▶ _Directions for this task_
Nothing but the lines from the start of the entries below through the line containing "Строим кварталы для" should appear in the answer, copied exactly and free of pictures.
##### Task material
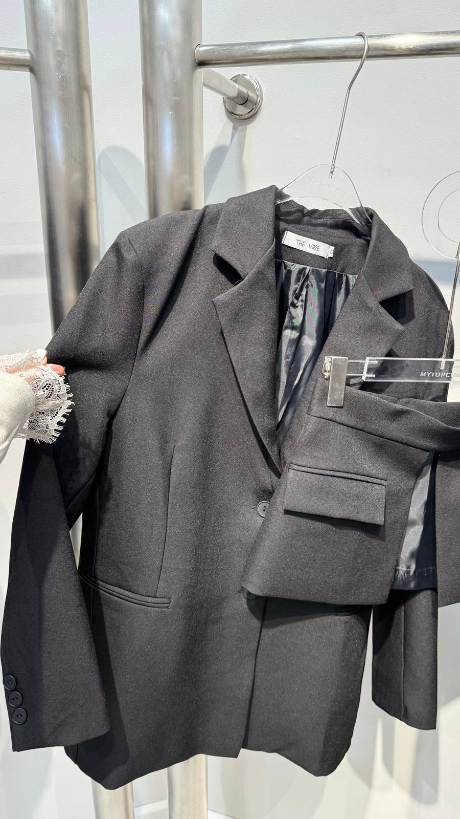 Ta marynarka została zaprojektowana tak, aby podkreślać talię i budować silną, ale zmysłową sylwetkę. Baskinka pięknie modeluje proporcje, nadając całości charakter fashion statement.
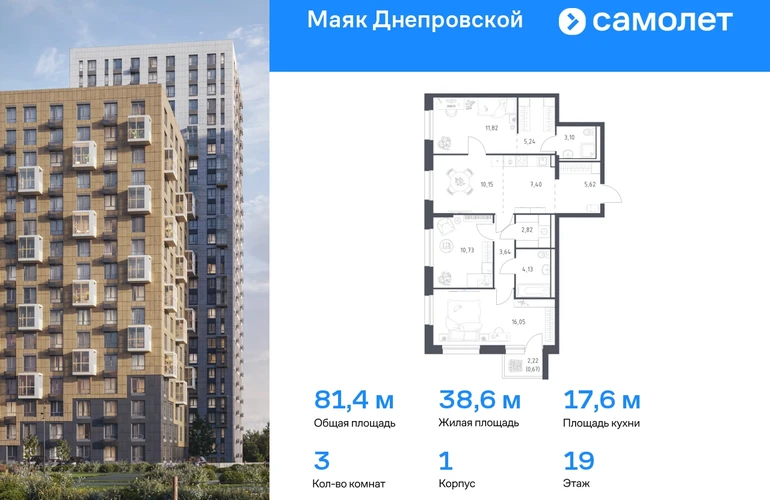 Строим кварталы для жизни с заботой о будущем. Предлагается 3-комнатная квартира комфорт-класса 81,58 кв.м в корпусе 1 на 19 этаже, в ЖК «Маяк Днепровской» Квартира с предчистовой отделкой. Доступность дополнительных опций уточняйте у застройщика. Приобрести квартиру возможно по специальным акциям от застройщика, с текущими условиями акций можно ознакомиться в блоке «Акций». Цена динамическая и может отличаться, уточняйте актуальность у застройщика. «Маяк Днепровской» — это маленький город с домами высотой от 17 до 30 этажей. Мы строим современные здания со стилобатами и террасами, которые отвечают архитектурным трендам, но при этом гармонично вписываются в окружающие пейзажи. Переменная этажность домов повторяет уникальный дальневосточный ландшафт, а оттенки фасадов перекликаются с красками природы. Здесь вы будете любоваться живописными закатами и встречать рассветы с панорамного балкона. #yan19-2r1781282#О застройщике
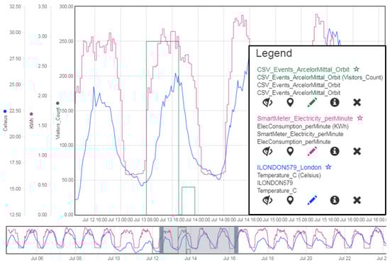 Figure 9 is a screenshot taken from the Helgoland application developed for visualizing and interacting with sensor data based on the 52° North Timeseries API. The interface from the InterSensor Service can directly be used with the Helgoland application allowing us to interact with observations being retrieved directly from a weather station (outside temperature retrieved from Weather Underground platform), smart meter located in an important building (electricity consumption per minute retrieved from the proprietary C3NTINEL platform) and scheduled events in the same important building (visitor counts during the scheduled event retrieved from a CSV file). Such joint visualization is helpful in determining the correlation between different properties, e.g., ”what is the impact of the weather or any scheduled event on the electricity consumption of a building?”. Of course, such a common standard-based API will also be very valuable for any other kind of application or analysis tool.
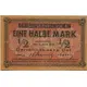 | Reverse lettering | Wer Darlehnskassenscheine nachmacht oder verfälscht oder nachgemachte oder verfälscht sich verschafft und in Verkehr bringt, wird mit Zuchthaus bis zu acht Jahren bestraft. 1/2 Mark 1/2 Aiſdewu kaẜes ſihme pusmarka Kas aiſdewu kaẜes ſihmes pakaᶅtaiẜa waj wilto, waj ari pakaᶅtaiẜitas waj wiltotas ẜew eegahda un ziteem iſdod, tas teek ẜodits ar ẜpaidudarbeem lihdſ aſton̨i gadeem. Skolinamosios kasos ženklas pusė markė Kas padirba melagingus skolinamosios kasos ženklus arba tikruosius perdirba, arba padirbtus ar perdirbtus ima ir juos į vartojimą skleidžia, bus baudžiamas katarga iki aštuonių metų. (Translation: Anyone who counterfeits or forges loan receipts, or procures counterfeit or forged loan receipts and puts them into circulation, shall be punished by penal labor for up to eight years. 1/2 Mark 1/2) |
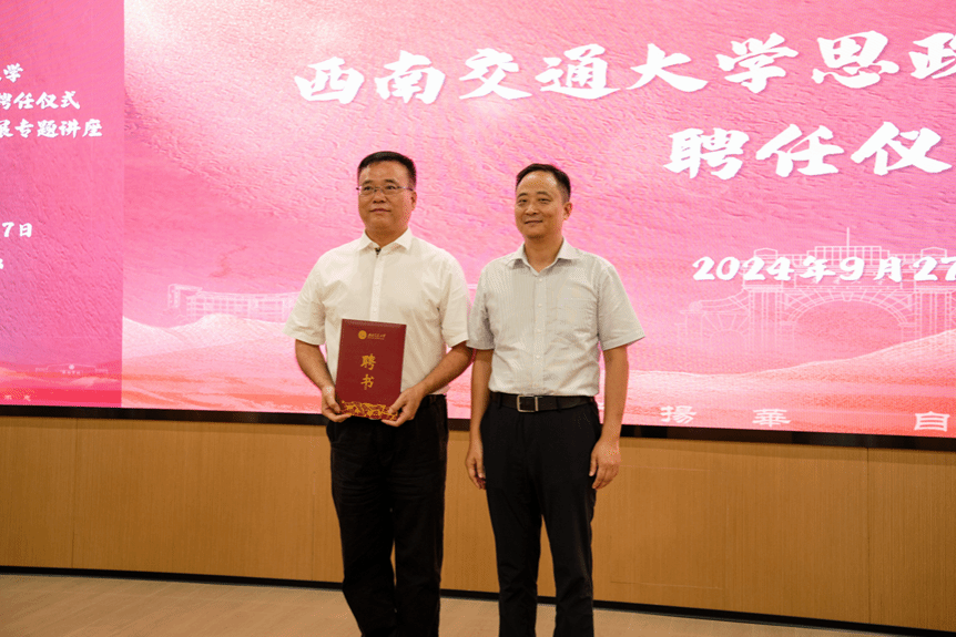 思政课特聘教授聘任仪式暨大学生学习与发展专题讲座。学校党委副书记高平平,中共成都市郫都区教育工委书记、郫都区教育局党组书记、局长韩海东,学校麻豆传媒
##########
▶ _Exercise output_
 Ta marynarka została zaprojektowana tak, aby podkreślać talię i budować silną, ale zmysłową sylwetkę. Baskinka pięknie modeluje proporcje, nadając całości charakter fashion statement.
 Строим кварталы для жизни с заботой о будущем. Предлагается 3-комнатная квартира комфорт-класса 81,58 кв.м в корпусе 1 на 19 этаже, в ЖК «Маяк Днепровской» Квартира с предчистовой отделкой. Доступность дополнительных опций уточняйте у застройщика. Приобрести квартиру возможно по специальным акциям от застройщика, с текущими условиями акций можно ознакомиться в блоке «Акций». Цена динамическая и может отличаться, уточняйте актуальность у застройщика. «Маяк Днепровской» — это маленький город с домами высотой от 17 до 30 этажей. Мы строим современные здания со стилобатами и террасами, которые отвечают архитектурным трендам, но при этом гармонично вписываются в окружающие пейзажи. Переменная этажность домов повторяет уникальный дальневосточный ландшафт, а оттенки фасадов перекликаются с красками природы. Здесь вы будете любоваться живописными закатами и встречать рассветы с панорамного балкона. #yan19-2r1781282#О застройщике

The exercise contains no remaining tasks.